• _What this task involves_: Without pictures, repeat the lines of the entries from the one containing "Um adesivo com" through the last, both ends included, and nothing else.

• _Data_:
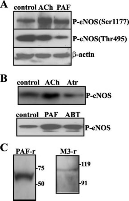 Nitric oxide (NO) regulates flow and permeability. ACh and platelet-activating factor (PAF) lead to endothelial NO synthase (eNOS) phosphorylation and NO release. While ACh causes only vasodilation, PAF induces vasoconstriction and hyperpermeability. The key differential signaling mechanisms for discriminating between vasodilation and hyperpermeability are unknown. We tested the hypothesis that differential translocation may serve as a regulatory mechanism of eNOS to determine specific vascular responses. We used ECV-304 cells permanently transfected with eNOS-green fluorescent protein (ECVeNOS-GFP) and demonstrated that the agonists activate eNOS and reproduce their characteristic endothelial permeability effects in these cells. We evaluated eNOS localization by lipid raft analysis and immunofluorescence microscopy. After PAF and ACh, eNOS moves away from caveolae. eNOS distributes both in the plasma membrane and Golgi in control cells. ACh (10(-5) M, 10(-4) M) translocated eNOS preferentially to the trans-Golgi network (TGN) and PAF (10(-7) M) preferentially to the cytosol. We suggest that PAF-induced eNOS translocation preferentially to cytosol reflects a differential signaling mechanism related to changes in permeability, whereas ACh-induced eNOS translocation to the TGN is related to vasodilation.
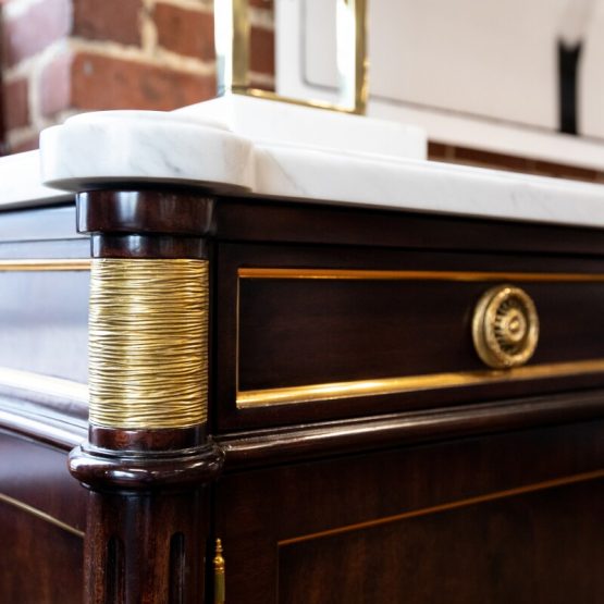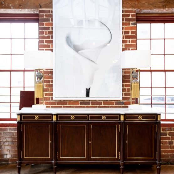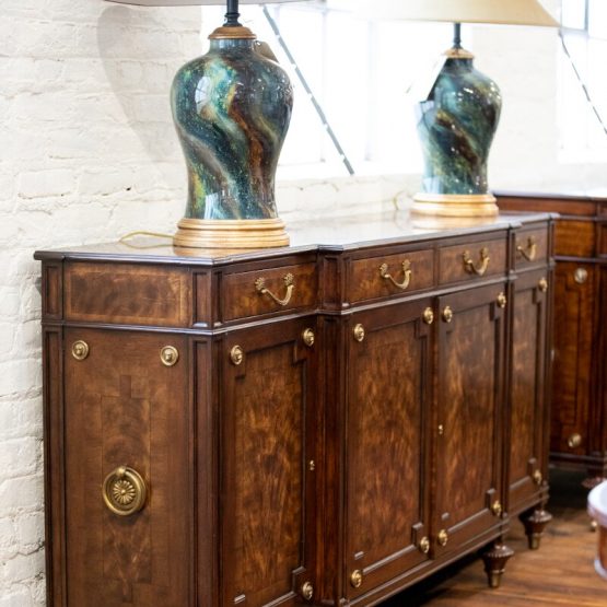 The “Hamilton Sideboard” from Theodore Alexander offers is than just a unique home furniture piece. Taking inspiration from an antique French buffet sideboard, the marble top features molded corners and concave sides. The solid brass cast hardware against the dark mahogany finish adds drama. Elegant and functional, this sideboard is another beautifully customizable piece from Theodore Alexander, available in over 40 specialty finishes.
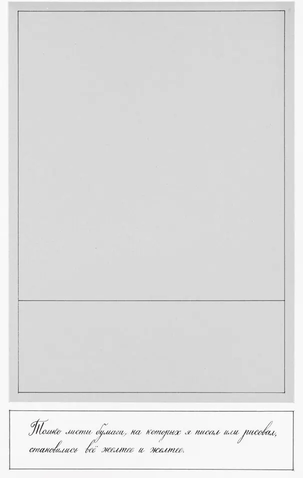 Вот это и есть другой полюс — скажем, завершающий альбом «Желтый» — чистый лист — тот самый, о котором говорится «начать с чистого листа»; здесь он, однако, показывается в конце. Страница за страницей проходят изобразительные мизансцены со словесным сопровождением, излагающим историю кого-то-где-то-тут по прозвищу Желтый; финальный зрительный образ пустого листа выступает в этом повествовательном цикле как олицетворение внесловесного бытия, как немота. За этим пределом простирается мир, каким его можно представить на черте гамлетовcкого The rest is silence, представляющего инверсию самого знаменитого в мире начала — «В начале было Слово». То есть на черте, где послесловесное молчание смыкается с дословесной тишиной. Однако тут же припоминается, что и тишина бывает разной: бывает грозная, томительная, тягостная, мертвая тишина, бывает глухая, то есть неспособная реагировать на звуки, и бывает звенящая, а также гулкая тишина, готовая к восприятию звукового эха. Все это такие свойства тишины, которые характеризуют ее чуткость к резонансам, ее атмосферу, тембр — колорит. А это уже «плоскость» изобразительной метафорики. Так и чистый лист — синоним тишины — оказывается причастным этой метафорике, что и фиксируется словесными «титрами», сопровождающими снизу зрелище чистого листа: «Только листы... становились все желтее и желтее». Нашему воображению предлагается увидеть эту незаполненную поверхность в режиме неопределенно растянутой временной длительности, где она набирает интенсивность желтизны, так что если неопределенность равна бесконечности, то эта желтизна будет совпадать с образом вечности. То есть попросту она предстает в перспективе превращения в иконописный золотой фон.
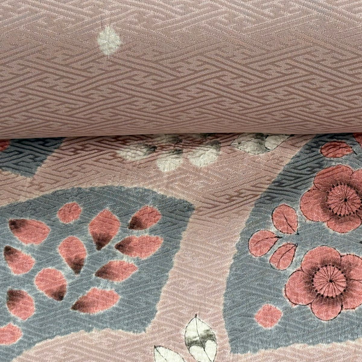 50%OFF 反物 秀品 小紋 扇面 梅 絞り ピンク 正絹 K50
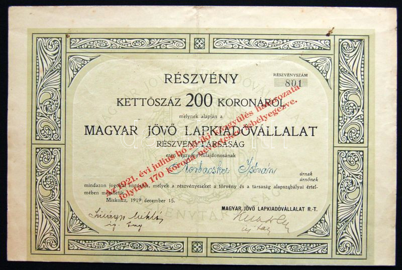 1919. "Magyar Jövő Lapkiadóvállalat Részvénytársaság" részvénye 200K-ról
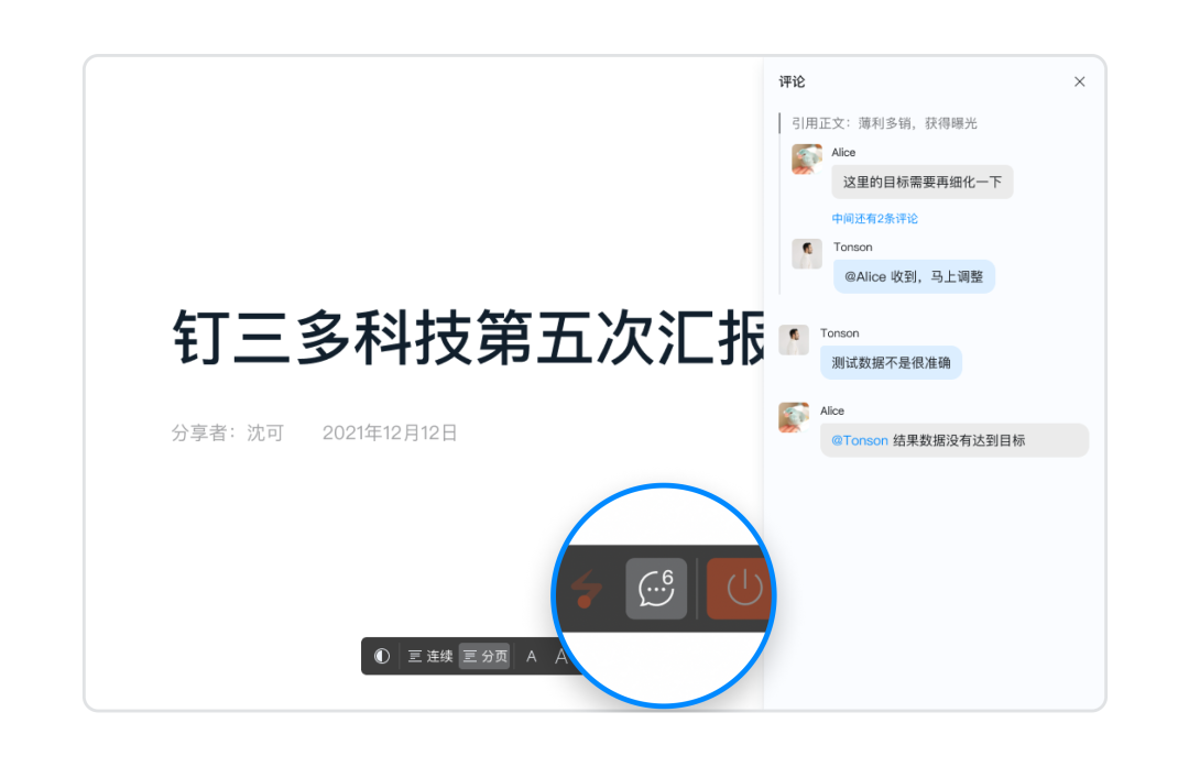 使用文档开启演示模式,新增支持「查看文档评论」。汇报过程可围绕评论深入讨论、分析,高效解决分歧,达成共识,让你的汇报收获满满。
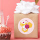 Um adesivo com uma doce imagem de uma abelha-mãozinha, riscada, rosa e branca. Um pedaço de pente de mel amarelo atrás. Uma carta selada com coração e um grupo de corações flutuantes também fazem parte do design.
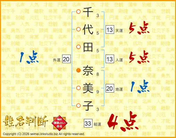 千(3画)代(5画)田(5画) 奈(8画)美(9画)子(3画)
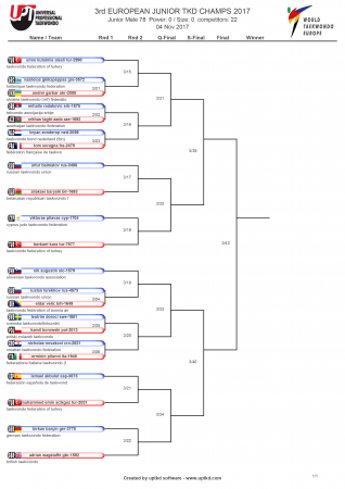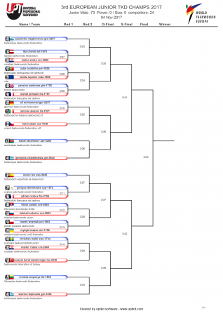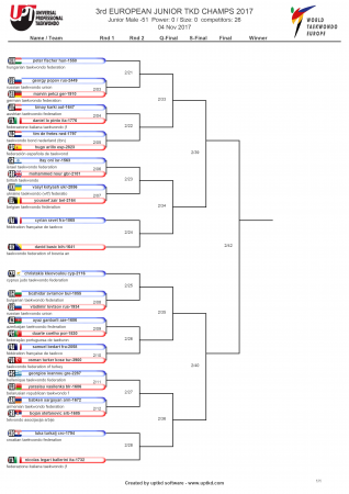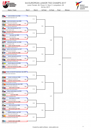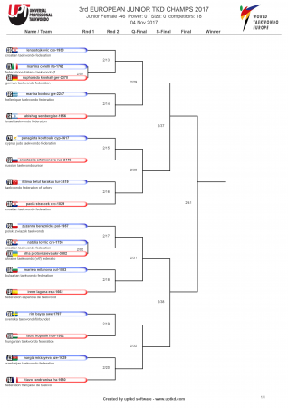 Первенство Европы по тхэквондо ВТФ среди юниоров, Ларнака-2017. День третий. Сетки.
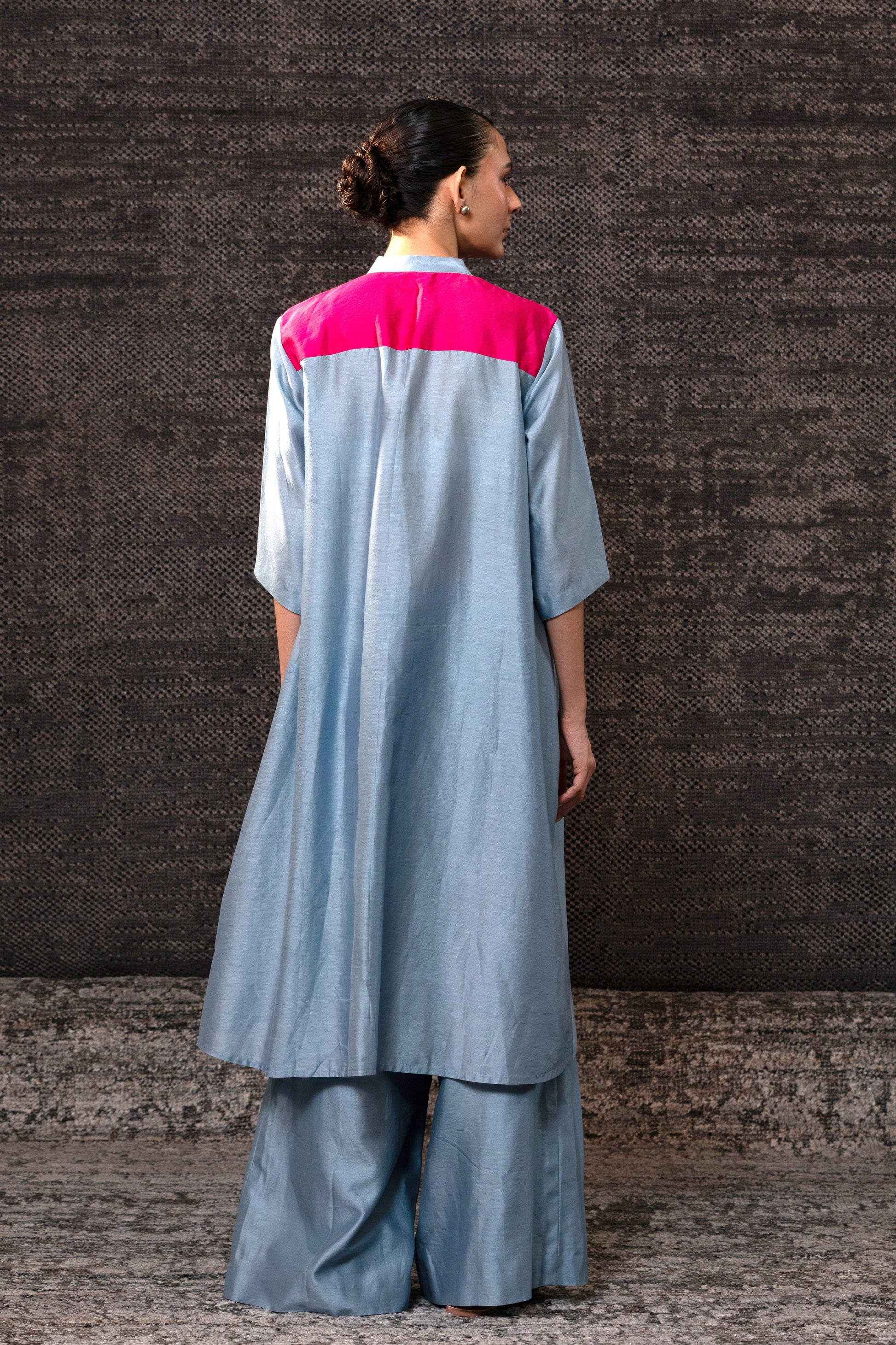 Silk-chanderi straight kurta with a statement yoke—hand-embroidered Benarasi brocade-tissue appliqué.
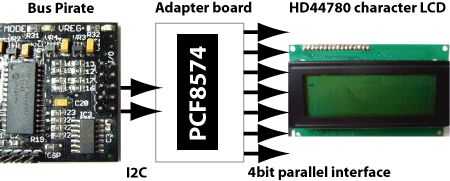 En este artículo describiremos un tablero de adaptador I2C para LCDs basados en el HD44780. Se demuestra con una interfaz serie universal Bus Pirate. El Bus Pirate código fuente de la biblioteca de la interfaz de HD44780 basada en I2C es dominio público, por lo que es libre para adaptarse a sus propios proyectos.

• _Answer section_:
 Um adesivo com uma doce imagem de uma abelha-mãozinha, riscada, rosa e branca. Um pedaço de pente de mel amarelo atrás. Uma carta selada com coração e um grupo de corações flutuantes também fazem parte do design.
 千(3画)代(5画)田(5画) 奈(8画)美(9画)子(3画)
 Первенство Европы по тхэквондо ВТФ среди юниоров, Ларнака-2017. День третий. Сетки.
 Silk-chanderi straight kurta with a statement yoke—hand-embroidered Benarasi brocade-tissue appliqué.
 En este artículo describiremos un tablero de adaptador I2C para LCDs basados en el HD44780. Se demuestra con una interfaz serie universal Bus Pirate. El Bus Pirate código fuente de la biblioteca de la interfaz de HD44780 basada en I2C es dominio público, por lo que es libre para adaptarse a sus propios proyectos.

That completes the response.